Along with detailing convicted and executed Oklahoma City bomber Timothy McVeighs numerous contacts with persons unknown in the Philippines at a time when Middle Eastern terrorists were plotting in that country (including Ramzi Youssef, convicted of the 1993 WTC bombing) the complaint details what it describes as "Iraqs preparations for a continued war of terrorism against the United States since the Persian Gulf War in 1990, including:
Saddam Hussein had called, on September 13, 1990, for a Holy War against those nations who supported the U.N. condemnation of Iraq.

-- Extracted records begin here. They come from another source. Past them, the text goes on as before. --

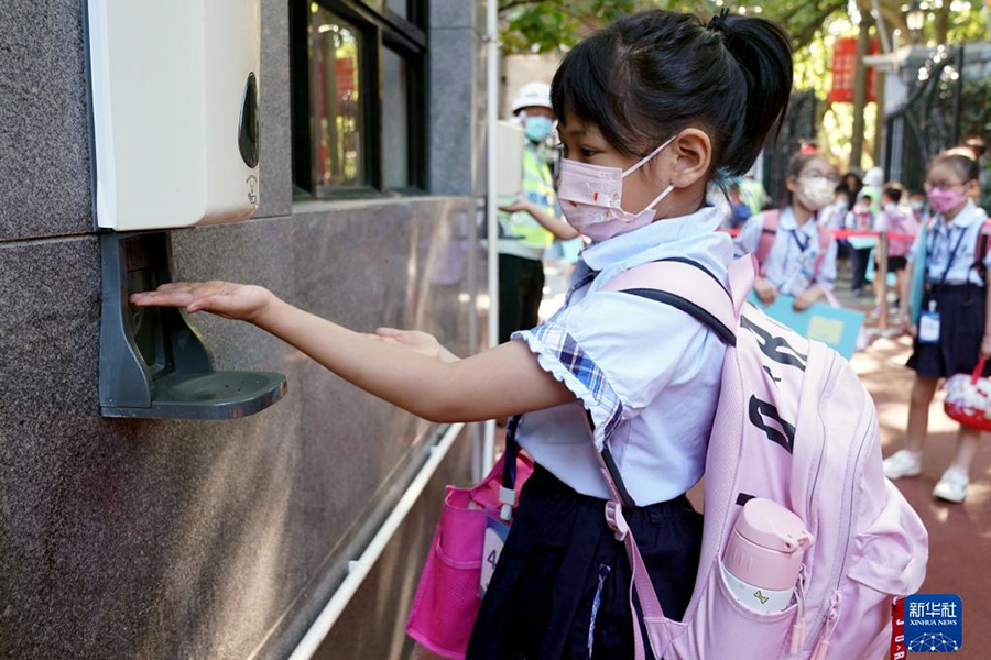 1/09月1日,上海市黃浦區(qū)盧灣二中心小學(xué)的學(xué)生入校后進(jìn)行手部消毒。(新華社記者 劉穎/攝)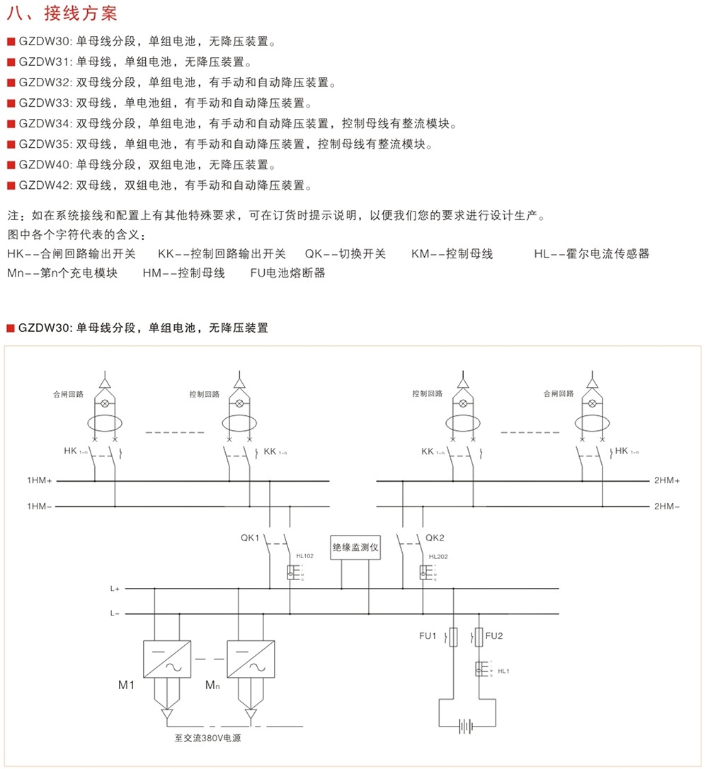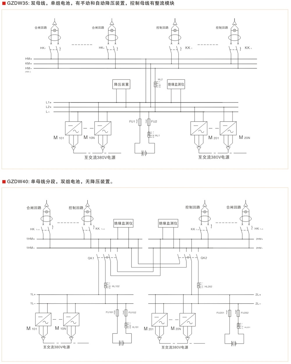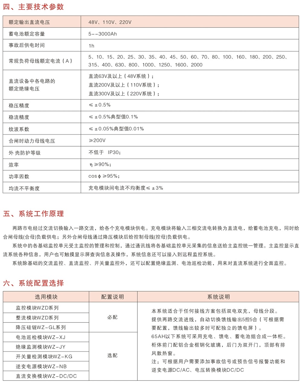 GZDW系列直流電源系統(tǒng)是我公司根據(jù)電力系統(tǒng)的需要而設(shè)計(jì)生產(chǎn)的智能型高頻開(kāi)關(guān)直流電源;是在總結(jié)了電力系統(tǒng)用直流電源領(lǐng)域先進(jìn)、成熟的設(shè)計(jì)、運(yùn)行經(jīng)驗(yàn)及發(fā)展動(dòng)向的基礎(chǔ)上,而開(kāi)發(fā)出的新一代直流電源裝置;適合各類(lèi)變電站的高頻開(kāi)關(guān)直流系統(tǒng)及相關(guān)配套設(shè)備。其主要性能特點(diǎn)是運(yùn)行穩(wěn)定抗干擾性好、紋波系數(shù)小、技術(shù)精度高。分為單體柜和分體柜兩種結(jié)構(gòu)類(lèi)別;產(chǎn)品廣泛應(yīng)用于從500KV到10kV不同電壓等級(jí)的發(fā)電廠、水電站及各類(lèi)變電站、開(kāi)閉所、開(kāi)關(guān)站和用戶變電中,為斷路器分合閘及二次回路中的儀器儀表、繼電保護(hù)和事故照明提供直流電源,系統(tǒng)采用一體化設(shè)計(jì)思想,由監(jiān)控模塊、整流模塊、絕緣監(jiān)測(cè)模塊、電池巡檢模塊、開(kāi)關(guān)量監(jiān)測(cè)模塊、降壓模塊等構(gòu)成,具有技術(shù)先進(jìn)、配置合理、測(cè)控智能化、操作簡(jiǎn)便等特點(diǎn)??膳c上位機(jī)通訊,方便地實(shí)現(xiàn)“遙測(cè)、遙控、遙信、遙調(diào)”四遙功能,特別適合無(wú)人值守需要。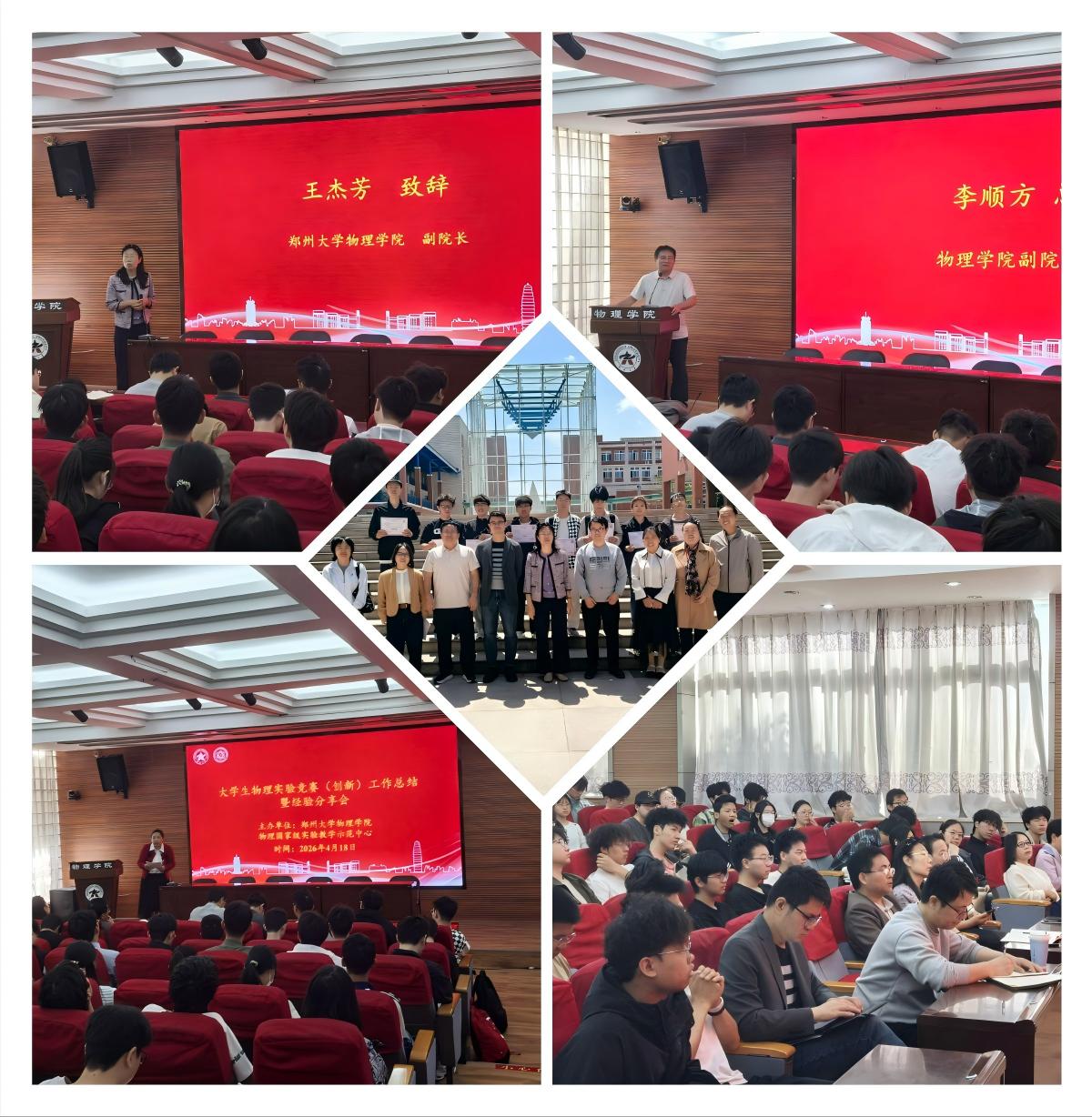 为全面总结竞赛成果,分享备赛与参赛经验,进一步提升我校学生物理实验能力与创新实践水平,2026年4月18日,郑州大学物理学院物理国家级实验教学示范中心在主校区物理学院B楼107报告厅成功举办了大学生物理实验竞赛(创新)工作总结暨经验分享会。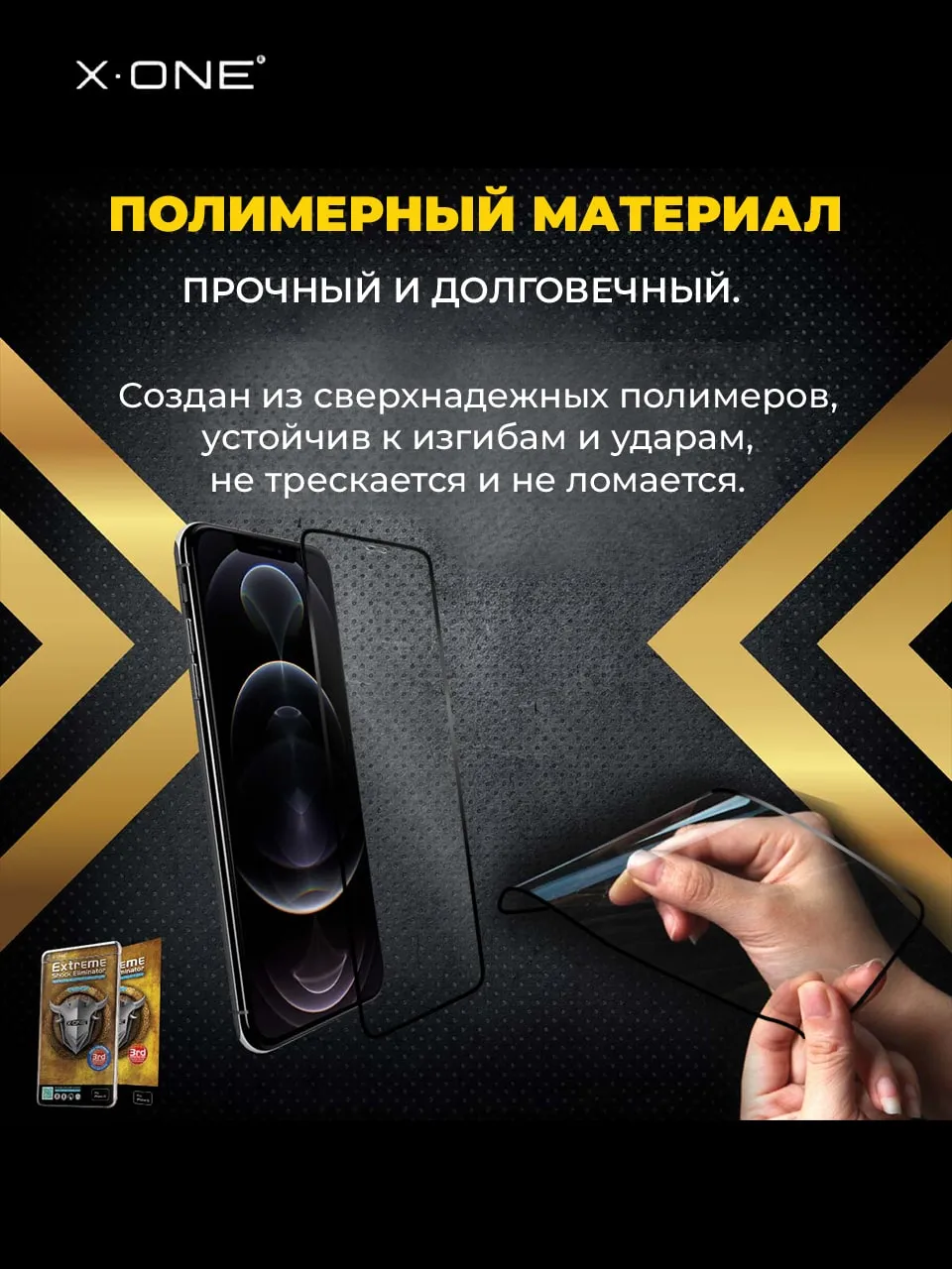 Противоударная бронепленка X-ONE Extreme Shock Eliminator 3-го поколения, на ощупь и по плотности, как стекло — защитная пленка.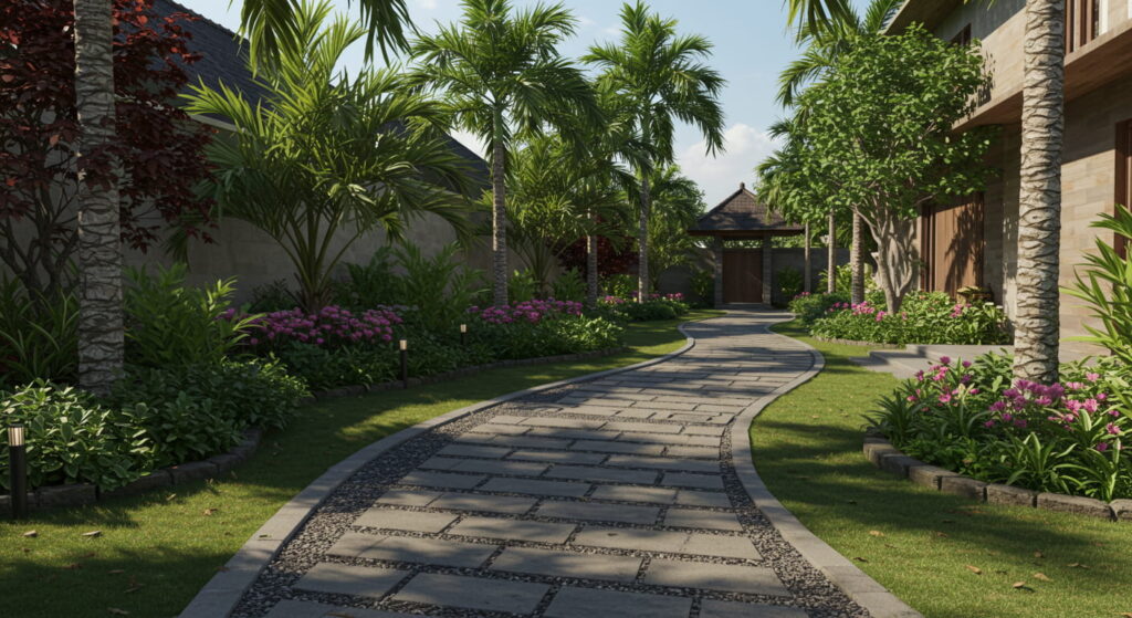Our exterior design services for permeable pavements in Bali create sustainable, water-efficient surfaces that allow rainwater to flow naturally into the ground. Designed with eco-friendly materials, these pavements reduce runoff, prevent flooding, and blend seamlessly into Bali’s environment.

Iraqi Foreign Minister Tariq Aziz simultaneously warned that Baghdad was under no moral obligation to refrain from terrorism if threatened by the United States, British or French governments.
After the Gulf War cease-fire, a promise was made by Saddam Hussein on November 3, 1992 in Ramadi, Iraq that "the mother of battles . . . has continued, and will continue.
The attempted terrorist plot by Iraqi agents to assassinate former President George H.W. Bush with a car bomb during his planned visit to Kuwait in April 1993, which was foiled by Kuwaiti intelligence.
The discovery by U.N weapons inspector Scott Ritter of a terrorist training school run by Iraqi intelligence in the Abu Garie area of Baghdad. In Ritters own words, claimed the plaintiffs, "Document after document outlined an international program of terror.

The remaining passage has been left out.